Signal: Communication Tools for the Information Age (1988) - dredmorbius
http://gen.lib.rus.ec/book/index.php?md5=A517FEE1D9EEF88949CF75B5B7471701
======
walterbell
From the intro:

> _" Back when the original Whole Earth Catalog was having a heyday in the
> mid-70s, two products were introduced which we recommended heartily. One was
> the Vermont Castings wood stove, the other was the Apple personal computer.
> Both cost a few hundred dollars, both were made by and for revolutionaries
> who wanted to de-institutionalize society and empower the individual, both
> embodied clever design ideas and good business sense, and both became famous
> successes."_

> _" A 'hacker,' in the emerging definition, is anyone who pushes the edges of
> the possible and permissible.
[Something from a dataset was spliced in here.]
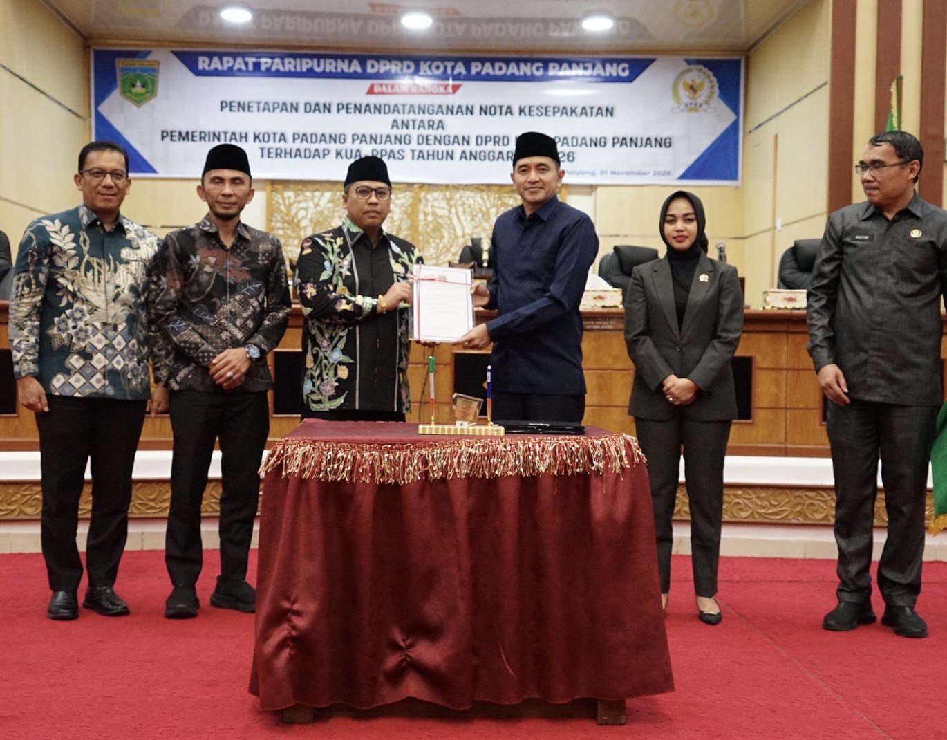 Padangpanjang,hantaran.Co–Dewan Perwakilan Rakyat Daerah (DPRD) bersama Pemerintah Kota (Pemko) Padang Panjang menandatangani nota kesepakatan terhadap Kebijakan Umum Anggaran dan Prioritas Plafon Anggaran Sementara (KUA-PPAS) Tahun Anggaran 2026.

In Signal are techniques for hacking English,
> music, audio cassettes, postcards, rubber stamps, video, diagrams, robots
> and the nervous system, to name a fraction of the myriad represented here.
> In all of these realms the distance to the edge is not far, and the distance
> from one to another is no distance at all."_

------
dredmorbius
_Signal_ was one of the Whole Earth Catalog publications of the 1980s.

As an exemplar of curation and selection, as well as pressaging ... a huge
amount of ... the current technological and online domain, it's hard to beat.

It seemed to briefly appear online (possibly at the Internet Archive), but
disappeared again. It's now at LibGen.

Just twenty pages in, the selection of books and references is already pretty
staggering (and contains numerous of my own choices and faves from the
period).

Oddly: an argument for expertise and selection rather than the more popular
trends of today of "crowdsourcing" and "collaborative filtering" everything.
There's probably a balance between these poles.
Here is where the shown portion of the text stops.